Ali Shaw is the author of the new novel The Trees. He also has written the novels The Girl with Glass Feet and The Man Who Rained. He lives in Oxford, England.

Q: How did you come up with the idea for The Trees, and for the world you describe in the novel?

A: The idea struck in an unguarded instant, much like the trees do in the story. I can’t quite remember what I was doing at the time – walking to the corner shop, probably, or walking back – but I can remember that the idea arrived with a feeling of upward force.

At that stage it was just an image: a forest thundering up from the ground fully formed.  From there I had to sit down and imagine what sort of forest it would be, and what sort of people I wanted to follow through it.

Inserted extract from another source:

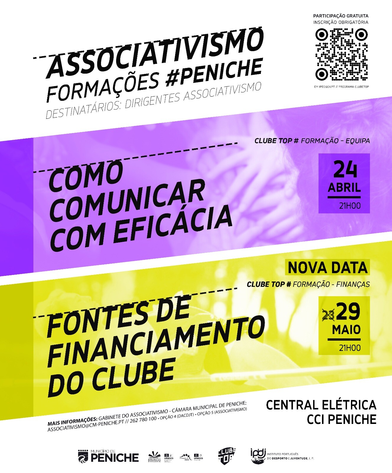 O programa inclui sessões como "Como Comunicar com Eficácia", no dia 24 de abril, e "Fontes de Financiamento do Clube", no dia 29 de maio, ambas às 21h00 no Auditório Central do Conhecimento, localizado na Central Elétrica – Centro Cívico Intergeracional Prof. Rogério Cação. Estas formações são realizadas em parceria com o Instituto Português do Desporto e Juventude (IPDJ).
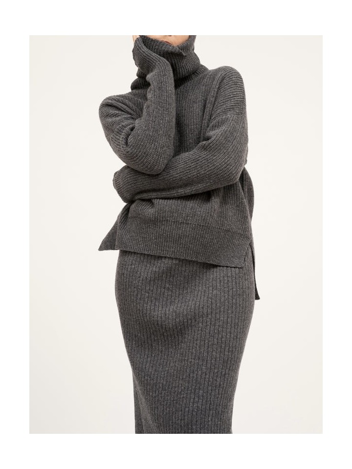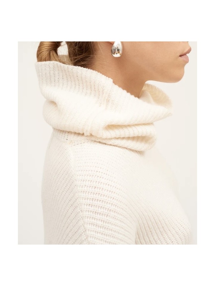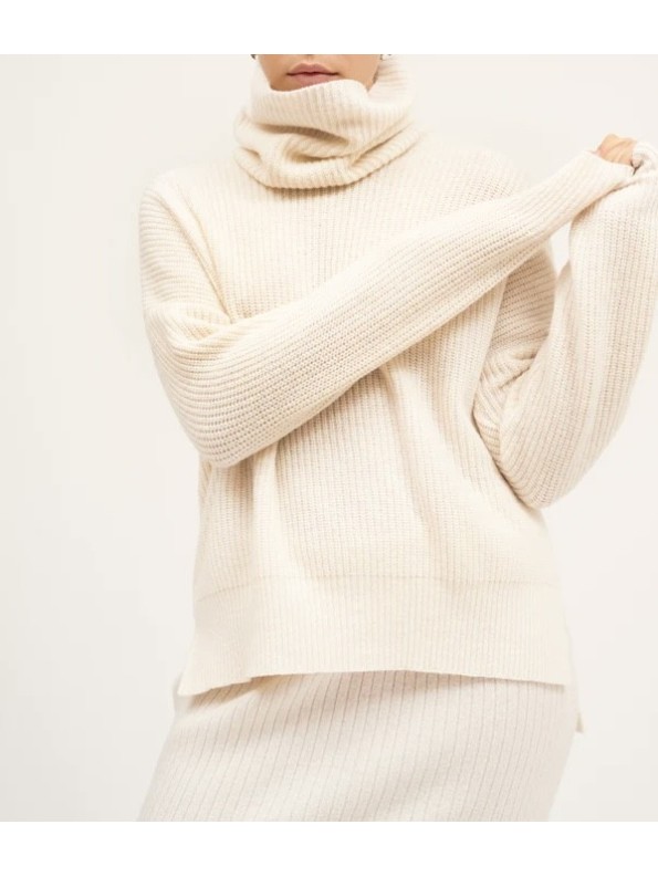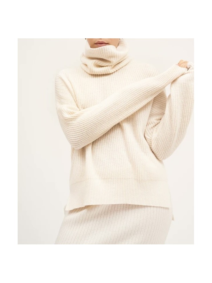 Jersey con un amplio cuello vuelto. Más largo por detrás que por delante y aberturas laterales.

Q: How would you describe your main character, Adrien, and his view of the world, both before and after the trees take over?

A: He’s a struggler. He struggles with everything. He doesn’t like modernity or urban life but he doesn’t much like nature either. His anxieties have twisted him up into someone who’s become quite unbearable, although I hope he’s funny at times too.

After the forest arrives he’s even more lost than he was beforehand. It takes faith in him from others – other people and other things – to make him change.

Q: The book cover pictures a fox. What role do you see the fox playing in the novel?

A: Foxes are limbo animals, and people have always had such wonderfully complicated relationships with them. On the one hand they’re pests, on the other they’re incredibly beautiful.

If you see a fox crossing a city street at night you’re reminded of the natural world beyond the reach of your concrete. If you wake up in the morning and find it’s torn your bins open for the umpteenth time, you feel less romantic.

In Britain foxes are a socially divisive animal because of the bloodsport of foxhunting (which is a dozen or more people on horseback chasing one fox through the woods with a pack of braying dogs), but the red fox has made its home all over the world and exists in so many countries that it’s become almost a universal element of human culture.

In The Trees, I thought of foxes as a kind of intermediary between people and nature. The fox on the cover is made out of leaves, which I think represents that perfectly.

Q: Which authors do you feel have influenced your own work?

A: Fairy stories have had a massive influence on me, be they the spooky forest stories of the Brothers Grimm or the wonderfully melancholy tales of Hans Christian Andersen. That’s surely why the forest in The Trees ended up being more like something from a fairy story than, say, a national park.

Q: What are you working on now?

A: I’m writing an adventure story. It’s a bit too early to go into the details, but I’m trying to push my imagination as far as it will travel and see what it invents along the way.

Q: Anything else we should know?

A: This is about foxes again. But first you need to know that halfway through writing the novel, my wife and I had a little girl, who I became the main carer for when my wife went back to work.

That meant that a lot of my writing got done very late at night when my daughter was asleep, at which hour I would often hearing a vixen shrieking outside.

We live in a flat overlooking a stream, and sometimes the vixen would come and catch ducks around midnight (provoking a good deal more shrieking). If she wasn’t doing that she was barking every twenty seconds for an hour or so, and thus became the soundtrack to much of my work on the novel.

Maybe that best explains why there’s a fox in this story...

On the night before the book was published here in the UK, I went out for a drink with a friend.  Coming back from the pub around midnight, I saw the vixen standing in the road outside my front door.

I wish I could say she was staring at me enigmatically, but I think her attention was firmly on the ducks. Nevertheless, it was the first and only time I’ve ever actually seen her – and I was very glad to do so.